= FreeWill =

Online legal service company

FreeWill Co is a company whose website, FreeWill.com, has online software which helps people write wills for free and make charitable contributions, and it reports each person's planned bequests to charities which pay subscription fees. It also helps people write advance healthcare directives and living trusts in California.

==Background==
FreeWill is a public benefit corporation founded at Stanford University in 2017 by Jennifer Xia Spradling and Patrick Schmitt. It has two social missions: The first is to create access to estate planning for all individuals regardless of their backgrounds or ability to pay. The second is to make it easy for people to leave money to charity. As a public benefit corporation, they are legally obligated to pursue their social missions in addition to seeking financial return.

The idea originated from Schmitt's work with the Democratic National Committee in fundraising. After working on his own estate planning, he figured that a website could be created that could simplify the process and that doing so could help raise money for charitable causes.

Town & Country magazine ranked the founding of FreeWill as one of the top 50 Philanthropic efforts of 2019.

==Business model==
Charities pay a fee to FreeWill to have the charity's name included in the software, and they receive reports of the name, address, assets, and planned bequest for each donor who agrees. Donors are not required to leave money to charity.

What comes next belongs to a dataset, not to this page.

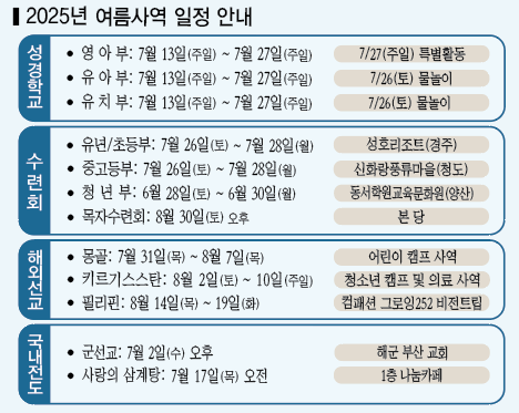 2025년 여름사역 일정 안내 페이지 정보 작성자 관리지기 작성일25-06-28 11:11 조회2,683회 댓글0건 관련링크 목록 본문 ◆ 2025년 여름사역 일정 안내 댓글목록 등록된 댓글이 없습니다. 목록

The company's products include wills, durable financial power of attorney, qualified charitable distributions, stock donations. and living wills (also known as advance healthcare directives or healthcare power of attorney). FreeWill offers a living trust only in California.

After entering all will information, users have options to download the will, get more information, or see a lawyer, in which case the site offers the American Bar Association directory of all lawyers.

==Market==
As of June 2021, 295,000 people have prepared wills on the platform, 19% have included bequests to charities, and bequests average $111,000. The planned bequests total $3 billion. The largest numbers of donations
have been for the American Red Cross,
United Way,
Defenders of Wildlife
and Disabled American Veterans.
The average user is 57 years old.

==Privacy==
FreeWill is not a law firm and does not have an attorney-client relationship with customers. Privacy statements let the company store information on assets, children bequests, medical and religious preferences and use them to target ads and fundraising appeals.

FreeWill says it uses modern security protocols. They acknowledge that information can escape in security breaches, for which they do not accept liability.

==Dispute resolution==
FreeWill disclaims liability for errors and omissions in their software; they also note that laws change rapidly. If people nevertheless have disputes with the company, the users and company agree to use small claims courts or individual arbitration in New York City under "Commercial Arbitration Rules that contemplate in-person hearings." The company's offices are in New York City, and it is incorporated in Delaware.